THOMASVILLE, Ga.--(BUSINESS WIRE)--Cleaver-Brooks, Inc. ("Cleaver-Brooks") announced today that it is launching a tender offer and consent solicitation for its outstanding 12.25% Senior Secured Notes due 2016 (the "Notes").
Cleaver-Brooks is offering to purchase all of the outstanding Notes (the "Tender Offer"). Cleaver-Brooks also is soliciting consents (the "Solicitation") to certain proposed amendments to the indenture governing the Notes. The proposed amendments would (i) eliminate or modify substantially all of the restrictive covenants, certain events of default and certain other provisions contained in the indenture governing the Notes, (ii) shorten the minimum redemption notice period from 30 days to three days and (iii) release the liens on the assets securing the Notes. Holders who tender their Notes will be required to consent to the proposed amendments, and holders who consent to the proposed amendments will be required to tender their Notes.
The Tender Offer and the Solicitation are being made in connection with a Stock Purchase Agreement dated as of November 13, 2012 (the “Stock Purchase Agreement”) under which an affiliate of investment funds managed by Harbour Group Industries, Inc. will acquire from Wellspring Capital Partners IV, L.P. and certain other security holders all of the outstanding equity interests of Cleaver-Brooks. The purpose of the Tender Offer and the Solicitation is to acquire all of the outstanding Notes and obtain the requisite consents in furtherance of the transactions contemplated by the Stock Purchase Agreement.

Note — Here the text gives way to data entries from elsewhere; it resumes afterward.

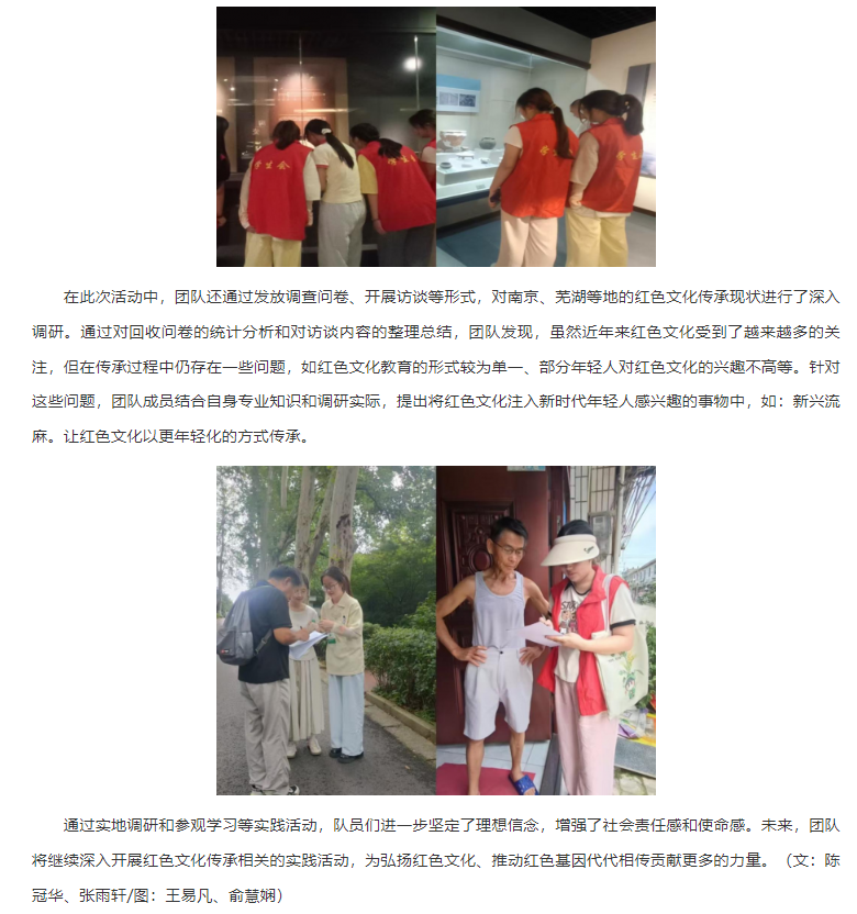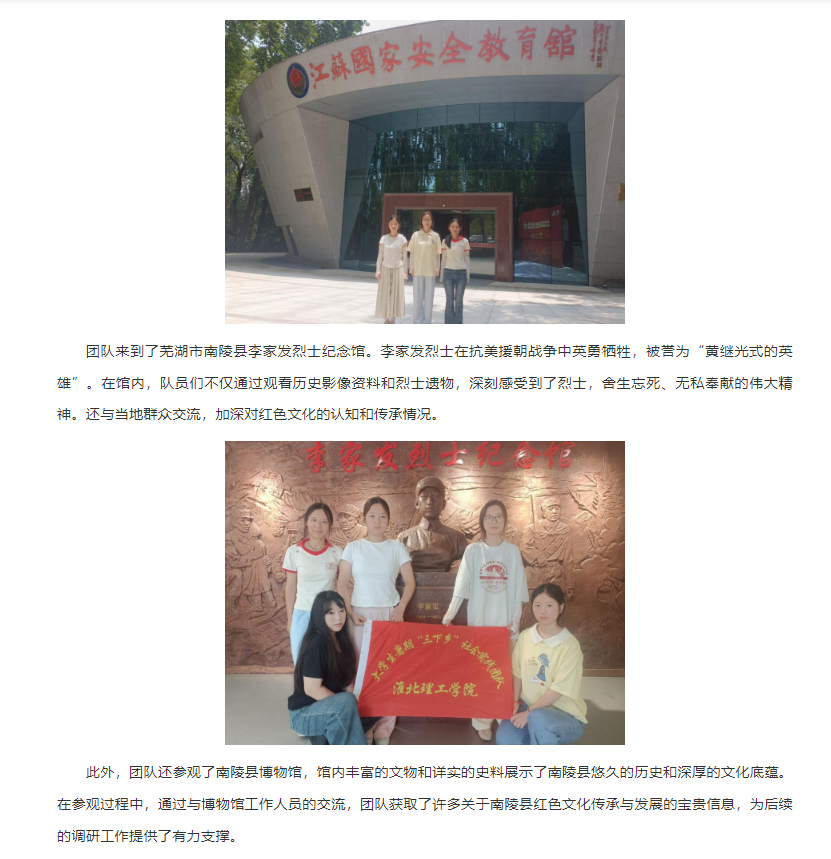 为深入学习贯彻党的二十大精神,传承红色基因,赓续红色血脉,2025年7月15日至7月25日,诸侯快讯入口官网教育学院“绒光溯红”团队赴南京、芜湖等地开展了以红色文化传承调研为主题的社会实践活动。该活动旨在通过实地调研、参观学习等方式,深入挖掘红色文化内涵,探寻红色文化传承路径,引导广大青年学生厚植爱国主义情怀,担当民族复兴大任。对此,安徽网进行了报道: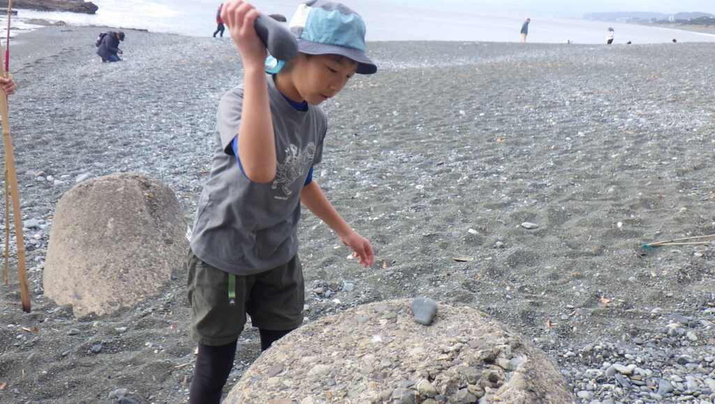 男の子たちは手のひらより少し大きめの石を拾い上げ、割ってみたり削ってみたり。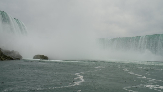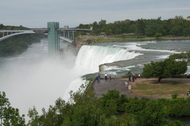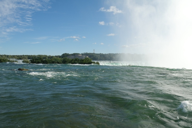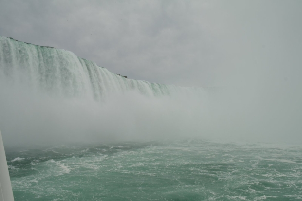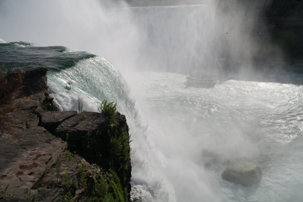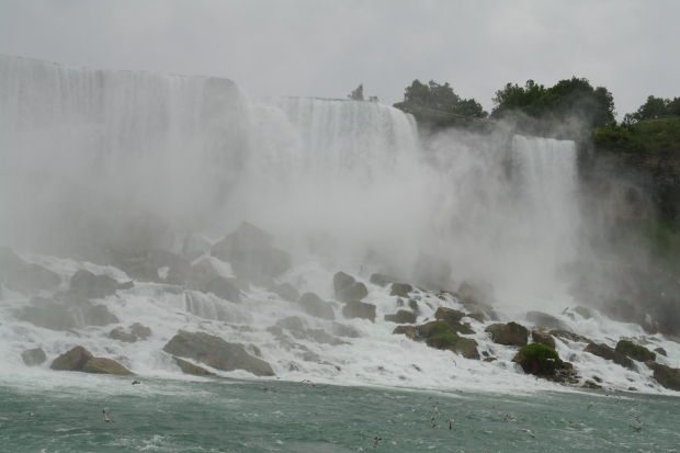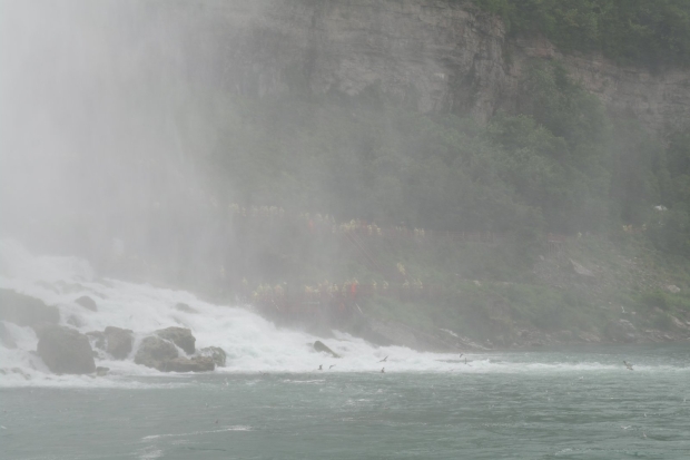 Niagara Falls, strona amerykańska. Wybraliśmy się oczywiście na wycieczkę statkiem (Maid of the Mist), który podpływa bardzo blisko wodospadów. Foliowe płaszcze się przydają :)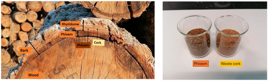 Bark of mature Quercus cerris trees showing the inner bark (phloem) and the rhytidome-containing phloem tissues (dark brown color), and cork tissues (light brown color) on the left. The ground waste cork and phloem samples used in this study are shown on the right.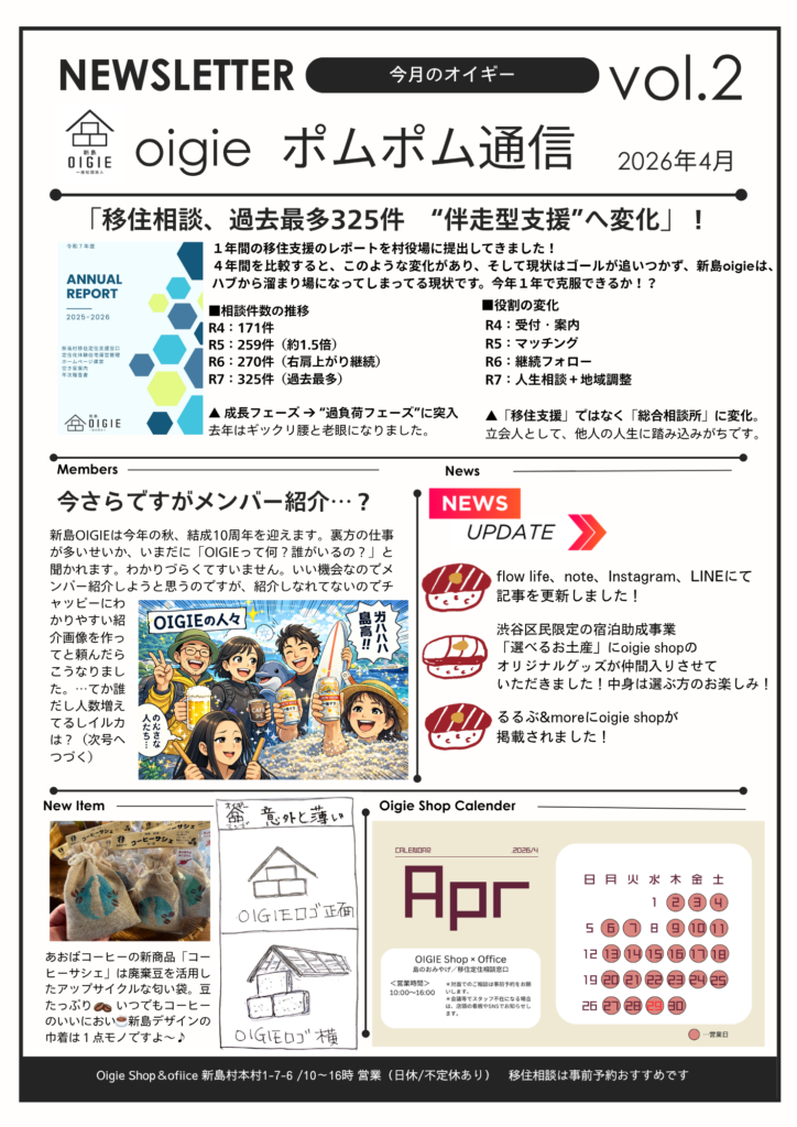 移住定住相談窓口スタッフが制作する新聞「OIGIEポムポム通信」、早くも2号です。メイントピックは移住相談に関する話題です。さくっと読める内容ですので、ぜひどうぞ♪

The Tender Offer and Solicitation are being made by Cleaver-Brooks pursuant to an offer to purchase and consent solicitation statement and a related letter of transmittal, each dated as of November 26, 2012. The Tender Offer will expire at 11:59 p.m., New York City time, on December 21, 2012, unless extended (the "Expiration Date").
Payment for the Notes validly tendered (and not validly withdrawn) and the consents validly delivered (and not validly revoked) will be made on a date promptly following the Expiration Date (the "Final Payment Date"). A consent payment will be paid to holders who tender Notes and deliver consents on or prior to 5:00 p.m., New York City time, on December 7, 2012 (the "Consent Date"), unless extended. The Tender Offer contemplates an early settlement option, so that holders whose Notes are validly tendered on or prior to the Consent Date and accepted for purchase could receive payment as early as December 19, 2012 (as may be extended by Cleaver-Brooks at its sole discretion, the "Early Payment Date") if the conditions to the Tender Offer and Solicitation have been fulfilled or waived by that time.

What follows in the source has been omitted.